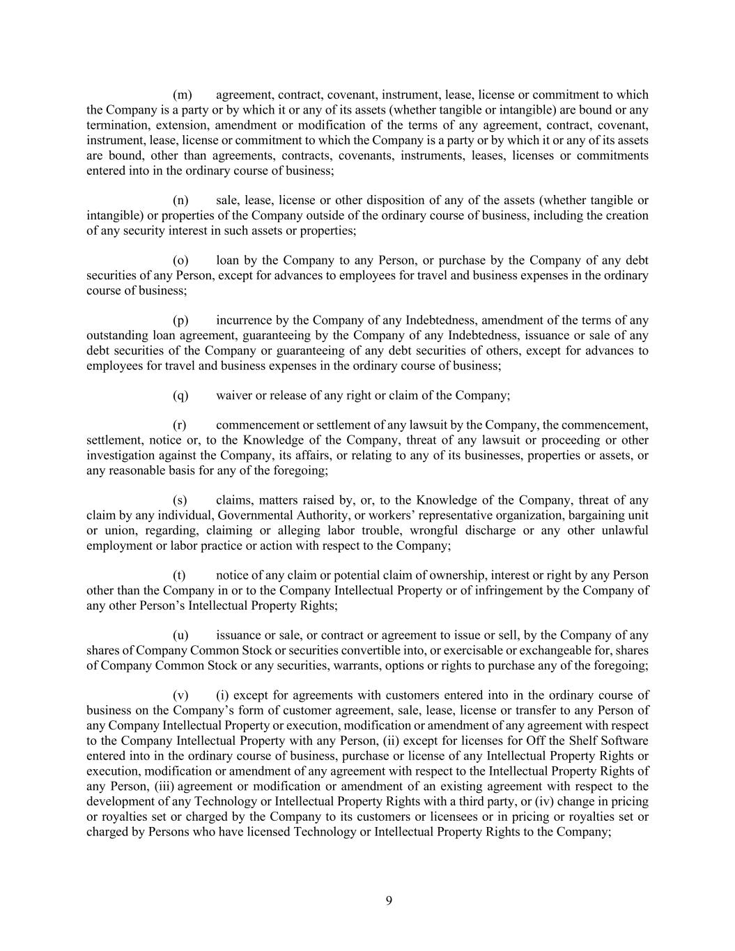 9 (m) agreement, contract, covenant, instrument, lease, license or commitment to which the Company is a party or by which it or any of its assets (whether tangible or intangible) are bound or any termination, extension, amendment or modification of the terms of any agreement, contract, covenant, instrument, lease, license or commitment to which the Company is a party or by which it or any of its assets are bound, other than agreements, contracts, covenants, instruments, leases, licenses or commitments entered into in the ordinary course of business; (n) sale, lease, license or other disposition of any of the assets (whether tangible or intangible) or properties of the Company outside of the ordinary course of business, including the creation of any security interest in such assets or properties; (o) loan by the Company to any Person, or purchase by the Company of any debt securities of any Person, except for advances to employees for travel and business expenses in the ordinary course of business; (p) incurrence by the Company of any Indebtedness, amendment of the terms of any outstanding loan agreement, guaranteeing by the Company of any Indebtedness, issuance or sale of any debt securities of the Company or guaranteeing of any debt securities of others, except for advances to employees for travel and business expenses in the ordinary course of business; (q) waiver or release of any right or claim of the Company; (r) commencement or settlement of any lawsuit by the Company, the commencement, settlement, notice or, to the Knowledge of the Company, threat of any lawsuit or proceeding or other investigation against the Company, its affairs, or relating to any of its businesses, properties or assets, or any reasonable basis for any of the foregoing; (s) claims, matters raised by, or, to the Knowledge of the Company, threat of any claim by any individual, Governmental Authority, or workers’ representative organization, bargaining unit or union, regarding, claiming or alleging labor trouble, wrongful discharge or any other unlawful employment or labor practice or action with respect to the Company; (t) notice of any claim or potential claim of ownership, interest or right by any Person other than the Company in or to the Company Intellectual Property or of infringement by the Company of any other Person’s Intellectual Property Rights; (u) issuance or sale, or contract or agreement to issue or sell, by the Company of any shares of Company Common Stock or securities convertible into, or exercisable or exchangeable for, shares of Company Common Stock or any securities, warrants, options or rights to purchase any of the foregoing; (v) (i) except for agreements with customers entered into in the ordinary course of business on the Company’s form of customer agreement, sale, lease, license or transfer to any Person of any Company Intellectual Property or execution, modification or amendment of any agreement with respect to the Company Intellectual Property with any Person, (ii) except for licenses for Off the Shelf Software entered into in the ordinary course of business, purchase or license of any Intellectual Property Rights or execution, modification or amendment of any agreement with respect to the Intellectual Property Rights of any Person, (iii) agreement or modification or amendment of an existing agreement with respect to the development of any Technology or Intellectual Property Rights with a third party, or (iv) change in pricing or royalties set or charged by the Company to its customers or licensees or in pricing or royalties set or charged by Persons who have licensed Technology or Intellectual Property Rights to the Company;
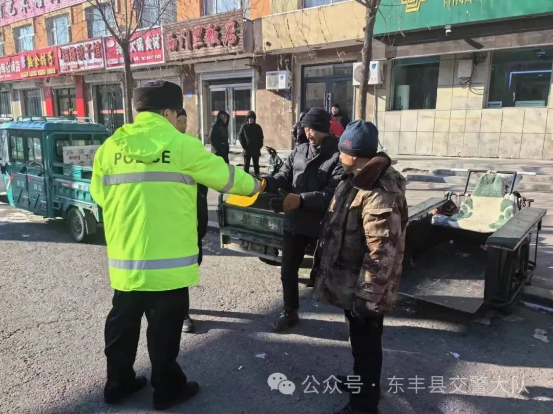 1月25日,辽源市公安局交警支队东丰大队组织民警走进辖区,以“一盔一带 安全常在”为主题开展涉农交通安全宣教活动。
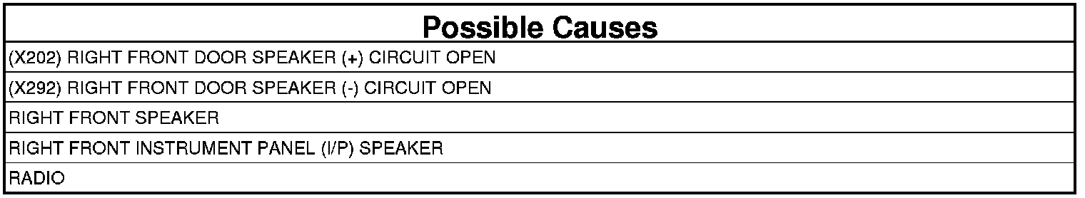 - Repair an open in the (X202) Right Front Door Speaker (+) circuit.
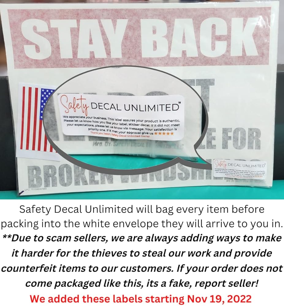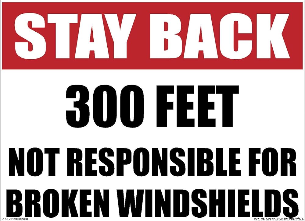 Stay Back 300FT Sticker Not Responsible Broken Windshield Sticker Safety Decal Unlimited Construction Truck 11 x 8 Label Sticker Decal Made in USA Stay Back 300FT
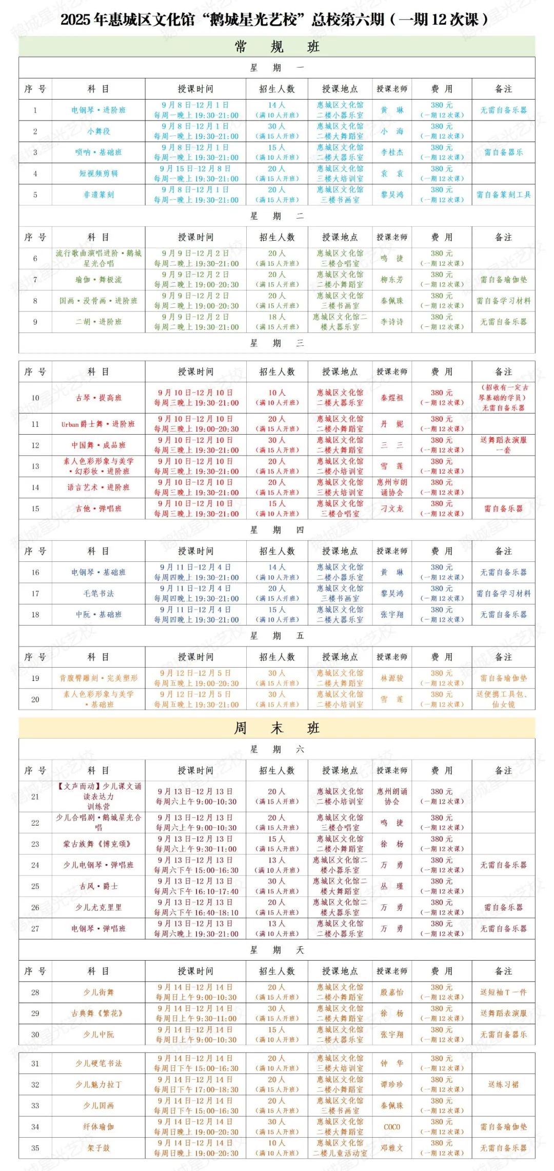 惠城区文化馆 · 鹅城星光艺校 · 第六期 · 【总校区课程表】
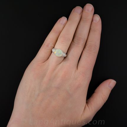 Sleekly tailored in gleaming platinum, this comfortable low-profile finger-hugger glistens and glows with a horizontally-set opal, suffused with a bright and shining melange of electric pastel colors. The enchanting gemstone is embraced on each side with double diamond-set bands leading to a gently tapered ring shank. A stunning and exceptionally well priced estate jewel dating from late last century. Currently ring size 6 1/4.
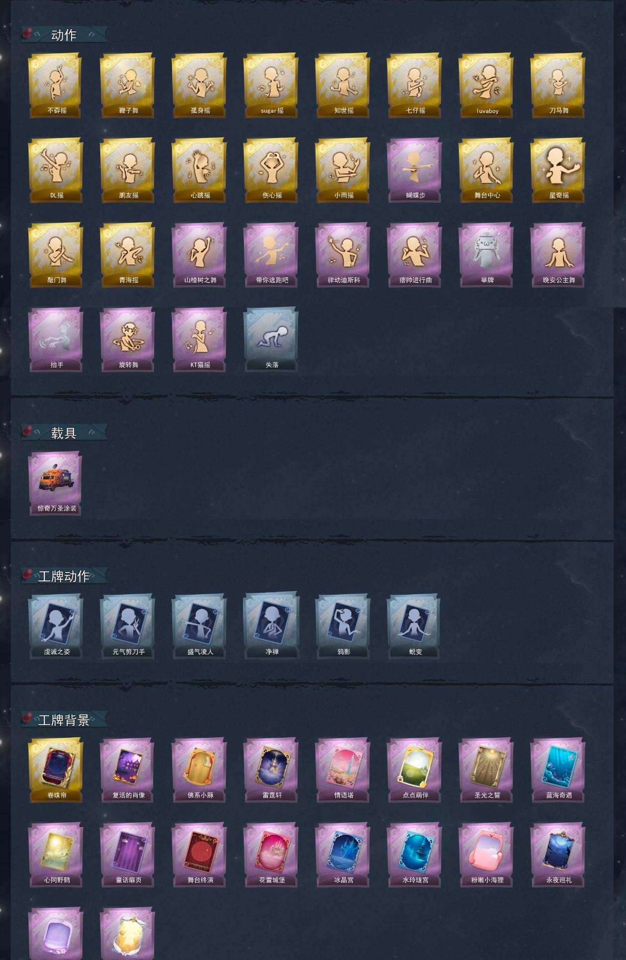 【动作】不孬摇、鞭子舞、孤身摇、sugar摇、知世摇、七仔摇、luvaboy、刀马舞、DL摇、鹏友摇、心跳摇、伤心摇、小雨摇、蝴蝶步、舞台中心、星奇摇、敲门舞、青海摇、山楂树之舞、带你逃跑吧、律动迪斯科、痞帅进行曲、举牌、晚安公主舞、抬手、旋转舞、KT猫摇、失落
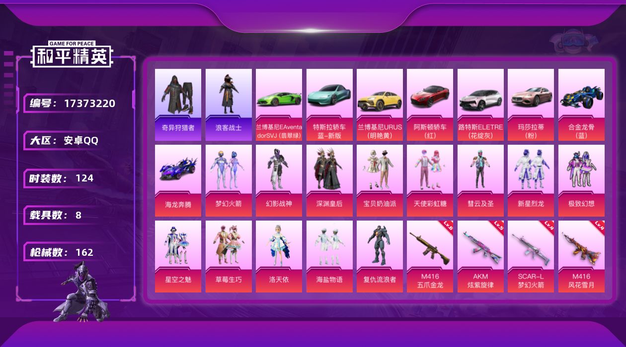 [17373220]【1206】安卓 手Q-13粉装-10特效枪-8载具-5粉色飞行器-71911热力值-3王牌印记-124套装-162枪皮
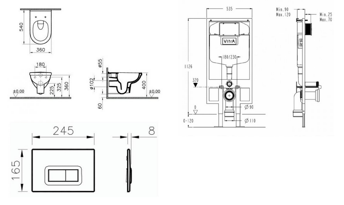 Готовое решение от Vitra 9812B003-7209: Инсталляция, подвесной унитаз и кнопка смыва в одном комплекте.
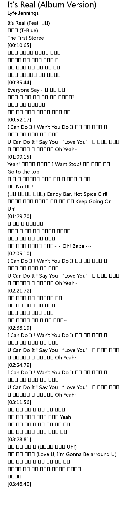| [02:46.70] | U Can Do It ! Say You “Love You” 이 세상이 멈춰도 |
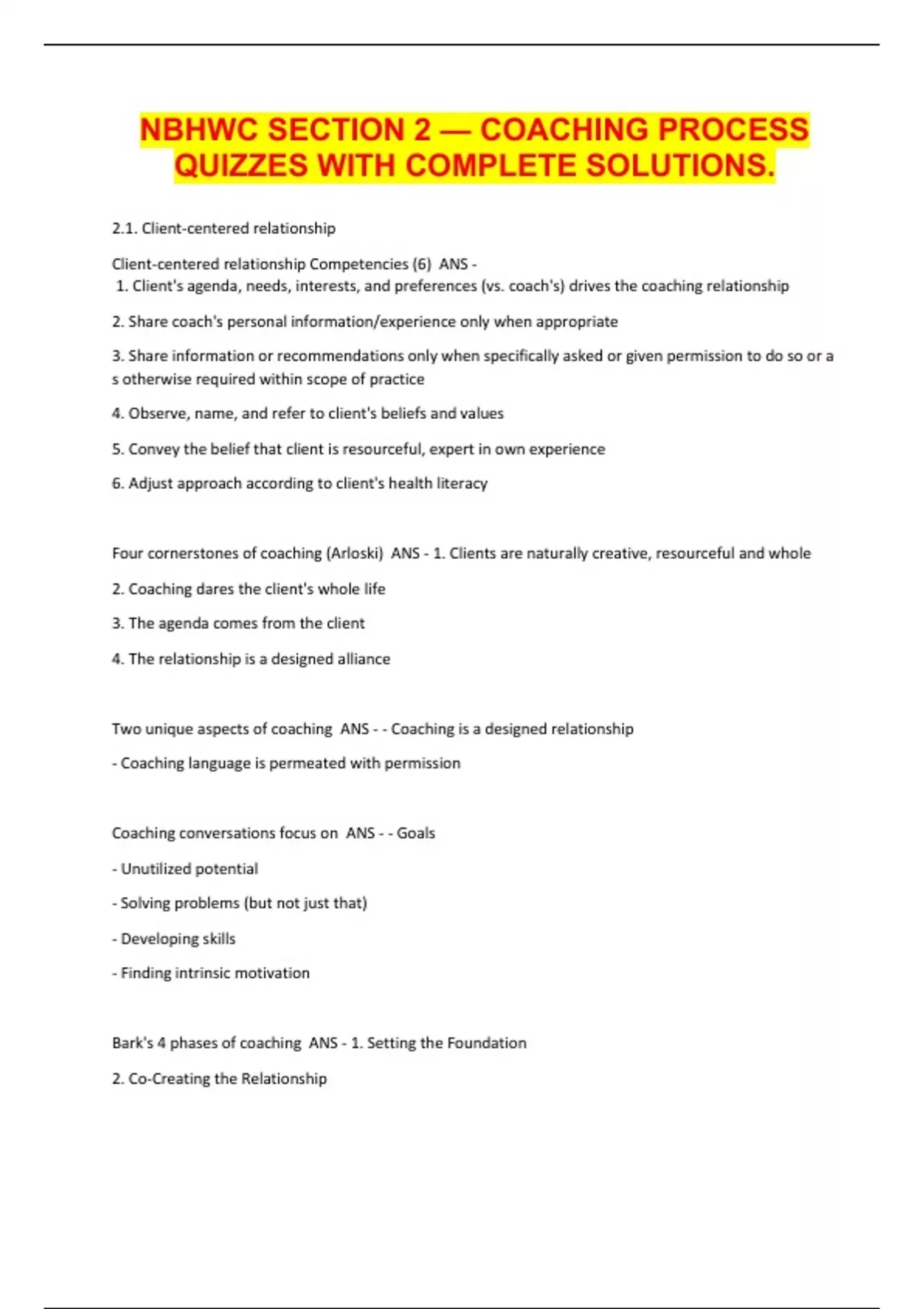NBHWC SECTION 2 — COACHING PROCESS QUIZZES WITH COMPLETE SOLUTIONS.
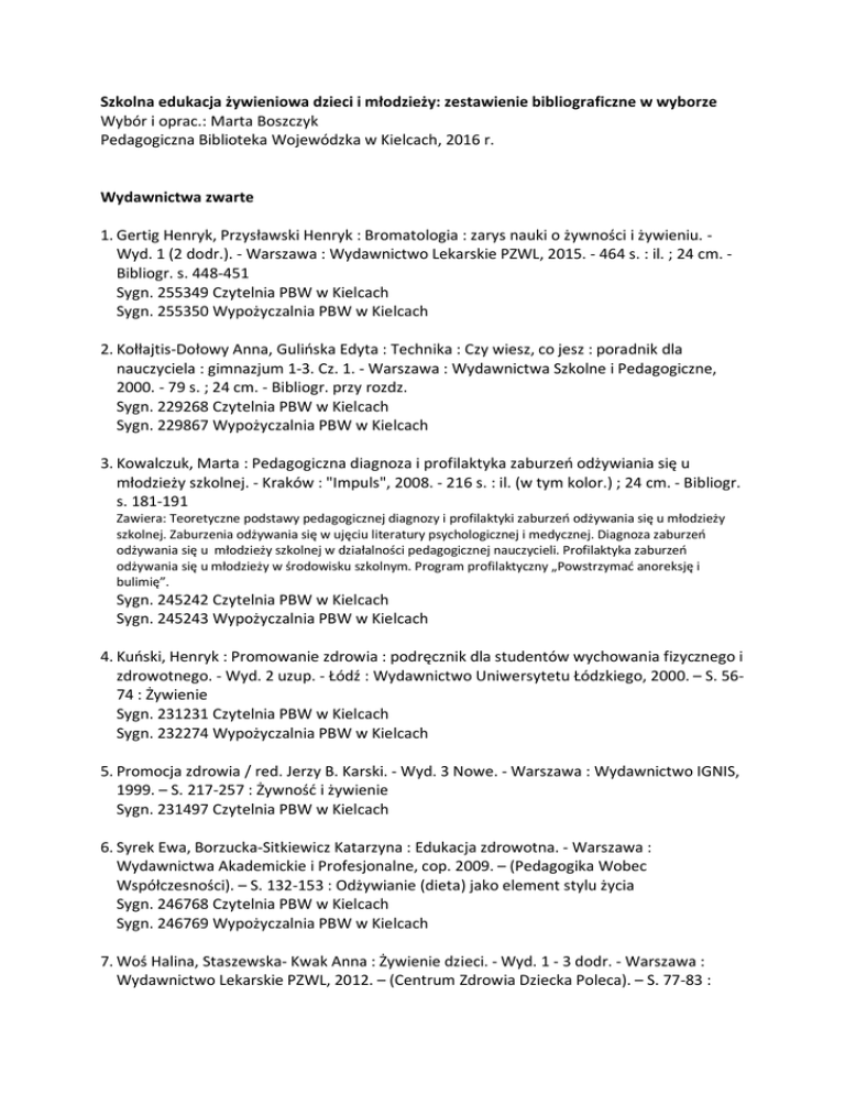 1. Gertig Henryk, Przysławski Henryk : Bromatologia : zarys nauki o żywności i żywieniu. Wyd. 1 (2 dodr.). - Warszawa : Wydawnictwo Lekarskie PZWL, 2015. - 464 s. : il. ; 24 cm. Bibliogr. s. 448-451

▶ [EXERCISE REQUIREMENTS] Each of the lines above should be transcribed exactly; no image is to be copied.

▶ [EXERCISE SOLUTION]
 9 (m) agreement, contract, covenant, instrument, lease, license or commitment to which the Company is a party or by which it or any of its assets (whether tangible or intangible) are bound or any termination, extension, amendment or modification of the terms of any agreement, contract, covenant, instrument, lease, license or commitment to which the Company is a party or by which it or any of its assets are bound, other than agreements, contracts, covenants, instruments, leases, licenses or commitments entered into in the ordinary course of business; (n) sale, lease, license or other disposition of any of the assets (whether tangible or intangible) or properties of the Company outside of the ordinary course of business, including the creation of any security interest in such assets or properties; (o) loan by the Company to any Person, or purchase by the Company of any debt securities of any Person, except for advances to employees for travel and business expenses in the ordinary course of business; (p) incurrence by the Company of any Indebtedness, amendment of the terms of any outstanding loan agreement, guaranteeing by the Company of any Indebtedness, issuance or sale of any debt securities of the Company or guaranteeing of any debt securities of others, except for advances to employees for travel and business expenses in the ordinary course of business; (q) waiver or release of any right or claim of the Company; (r) commencement or settlement of any lawsuit by the Company, the commencement, settlement, notice or, to the Knowledge of the Company, threat of any lawsuit or proceeding or other investigation against the Company, its affairs, or relating to any of its businesses, properties or assets, or any reasonable basis for any of the foregoing; (s) claims, matters raised by, or, to the Knowledge of the Company, threat of any claim by any individual, Governmental Authority, or workers’ representative organization, bargaining unit or union, regarding, claiming or alleging labor trouble, wrongful discharge or any other unlawful employment or labor practice or action with respect to the Company; (t) notice of any claim or potential claim of ownership, interest or right by any Person other than the Company in or to the Company Intellectual Property or of infringement by the Company of any other Person’s Intellectual Property Rights; (u) issuance or sale, or contract or agreement to issue or sell, by the Company of any shares of Company Common Stock or securities convertible into, or exercisable or exchangeable for, shares of Company Common Stock or any securities, warrants, options or rights to purchase any of the foregoing; (v) (i) except for agreements with customers entered into in the ordinary course of business on the Company’s form of customer agreement, sale, lease, license or transfer to any Person of any Company Intellectual Property or execution, modification or amendment of any agreement with respect to the Company Intellectual Property with any Person, (ii) except for licenses for Off the Shelf Software entered into in the ordinary course of business, purchase or license of any Intellectual Property Rights or execution, modification or amendment of any agreement with respect to the Intellectual Property Rights of any Person, (iii) agreement or modification or amendment of an existing agreement with respect to the development of any Technology or Intellectual Property Rights with a third party, or (iv) change in pricing or royalties set or charged by the Company to its customers or licensees or in pricing or royalties set or charged by Persons who have licensed Technology or Intellectual Property Rights to the Company;
 1月25日,辽源市公安局交警支队东丰大队组织民警走进辖区,以“一盔一带 安全常在”为主题开展涉农交通安全宣教活动。
 - Repair an open in the (X202) Right Front Door Speaker (+) circuit.
 Stay Back 300FT Sticker Not Responsible Broken Windshield Sticker Safety Decal Unlimited Construction Truck 11 x 8 Label Sticker Decal Made in USA Stay Back 300FT
 惠城区文化馆 · 鹅城星光艺校 · 第六期 · 【总校区课程表】
 Sleekly tailored in gleaming platinum, this comfortable low-profile finger-hugger glistens and glows with a horizontally-set opal, suffused with a bright and shining melange of electric pastel colors. The enchanting gemstone is embraced on each side with double diamond-set bands leading to a gently tapered ring shank. A stunning and exceptionally well priced estate jewel dating from late last century. Currently ring size 6 1/4.
 【动作】不孬摇、鞭子舞、孤身摇、sugar摇、知世摇、七仔摇、luvaboy、刀马舞、DL摇、鹏友摇、心跳摇、伤心摇、小雨摇、蝴蝶步、舞台中心、星奇摇、敲门舞、青海摇、山楂树之舞、带你逃跑吧、律动迪斯科、痞帅进行曲、举牌、晚安公主舞、抬手、旋转舞、KT猫摇、失落
 [17373220]【1206】安卓 手Q-13粉装-10特效枪-8载具-5粉色飞行器-71911热力值-3王牌印记-124套装-162枪皮
 Готовое решение от Vitra 9812B003-7209: Инсталляция, подвесной унитаз и кнопка смыва в одном комплекте.
| [02:46.70] | U Can Do It ! Say You “Love You” 이 세상이 멈춰도 |
NBHWC SECTION 2 — COACHING PROCESS QUIZZES WITH COMPLETE SOLUTIONS.
 1. Gertig Henryk, Przysławski Henryk : Bromatologia : zarys nauki o żywności i żywieniu. Wyd. 1 (2 dodr.). - Warszawa : Wydawnictwo Lekarskie PZWL, 2015. - 464 s. : il. ; 24 cm. Bibliogr. s. 448-451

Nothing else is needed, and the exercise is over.